## Source material
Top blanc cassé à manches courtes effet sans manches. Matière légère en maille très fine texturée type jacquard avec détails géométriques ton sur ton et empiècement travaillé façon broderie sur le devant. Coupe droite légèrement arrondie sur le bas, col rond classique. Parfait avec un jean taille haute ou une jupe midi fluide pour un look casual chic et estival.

...

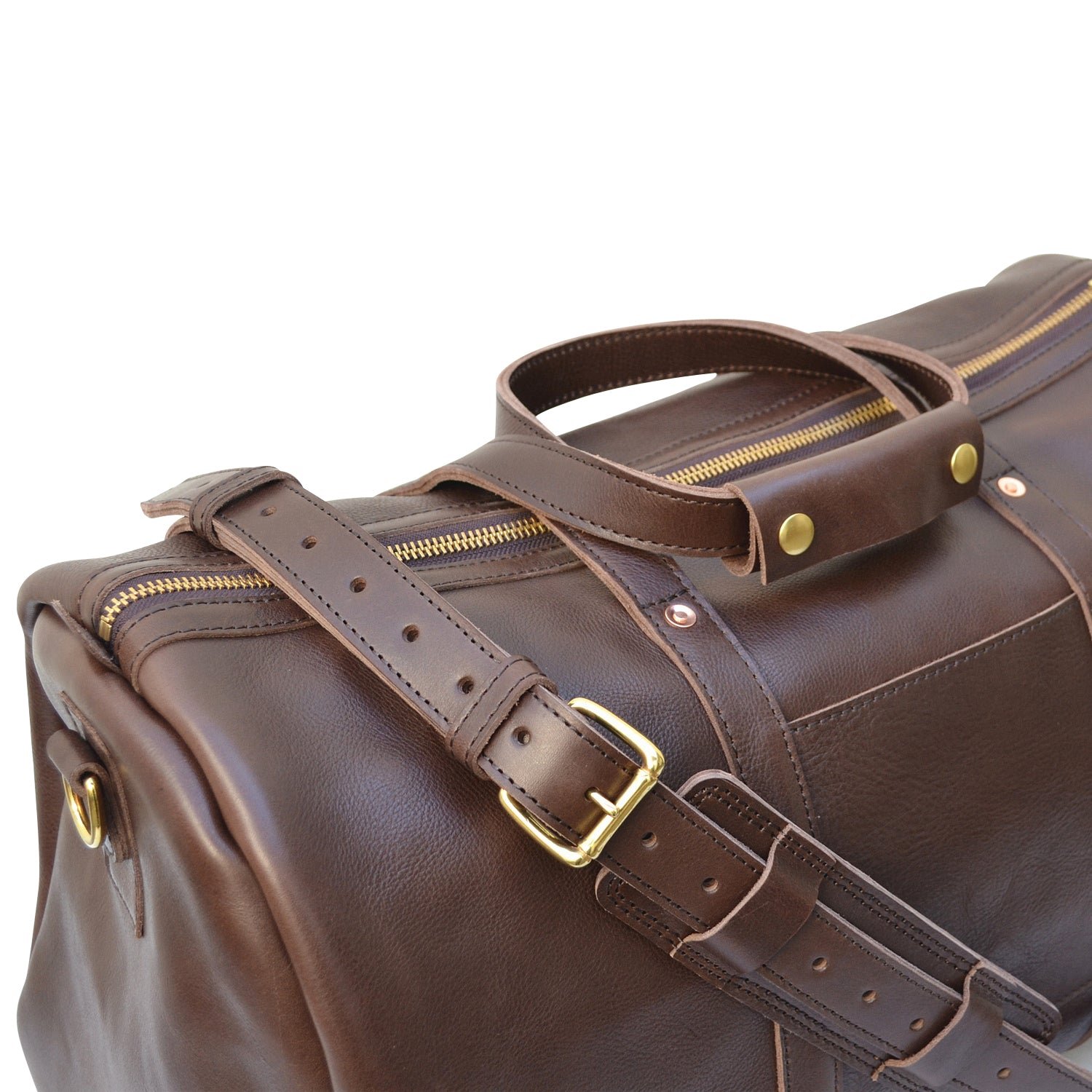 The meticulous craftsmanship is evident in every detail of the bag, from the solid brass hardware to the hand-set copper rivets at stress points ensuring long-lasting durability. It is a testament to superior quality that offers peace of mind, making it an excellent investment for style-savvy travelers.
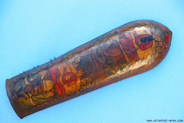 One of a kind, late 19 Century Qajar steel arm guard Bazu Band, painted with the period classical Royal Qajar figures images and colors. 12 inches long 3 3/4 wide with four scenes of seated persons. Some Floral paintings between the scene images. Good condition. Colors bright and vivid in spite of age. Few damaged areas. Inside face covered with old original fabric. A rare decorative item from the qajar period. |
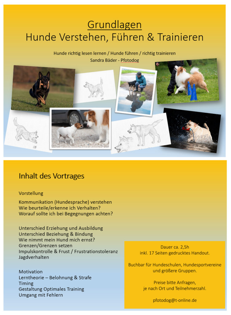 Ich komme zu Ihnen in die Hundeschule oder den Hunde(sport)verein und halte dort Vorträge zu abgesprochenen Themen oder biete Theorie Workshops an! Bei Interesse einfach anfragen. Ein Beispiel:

==

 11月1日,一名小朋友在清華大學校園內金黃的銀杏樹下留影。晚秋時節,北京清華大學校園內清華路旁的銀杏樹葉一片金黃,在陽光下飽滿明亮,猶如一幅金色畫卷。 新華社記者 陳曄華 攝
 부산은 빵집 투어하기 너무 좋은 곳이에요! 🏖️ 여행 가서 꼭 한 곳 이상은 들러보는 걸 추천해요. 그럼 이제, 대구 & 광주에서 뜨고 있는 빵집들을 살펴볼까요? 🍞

## What is being asked
Reproduce exactly the lines of the data above that run from the line with "One of a kind, late" down to the line with "Ich komme zu", both ends included. Pictures do not belong in the copy.

## Solution to the exercise
 One of a kind, late 19 Century Qajar steel arm guard Bazu Band, painted with the period classical Royal Qajar figures images and colors. 12 inches long 3 3/4 wide with four scenes of seated persons. Some Floral paintings between the scene images. Good condition. Colors bright and vivid in spite of age. Few damaged areas. Inside face covered with old original fabric. A rare decorative item from the qajar period. |
 Ich komme zu Ihnen in die Hundeschule oder den Hunde(sport)verein und halte dort Vorträge zu abgesprochenen Themen oder biete Theorie Workshops an! Bei Interesse einfach anfragen. Ein Beispiel:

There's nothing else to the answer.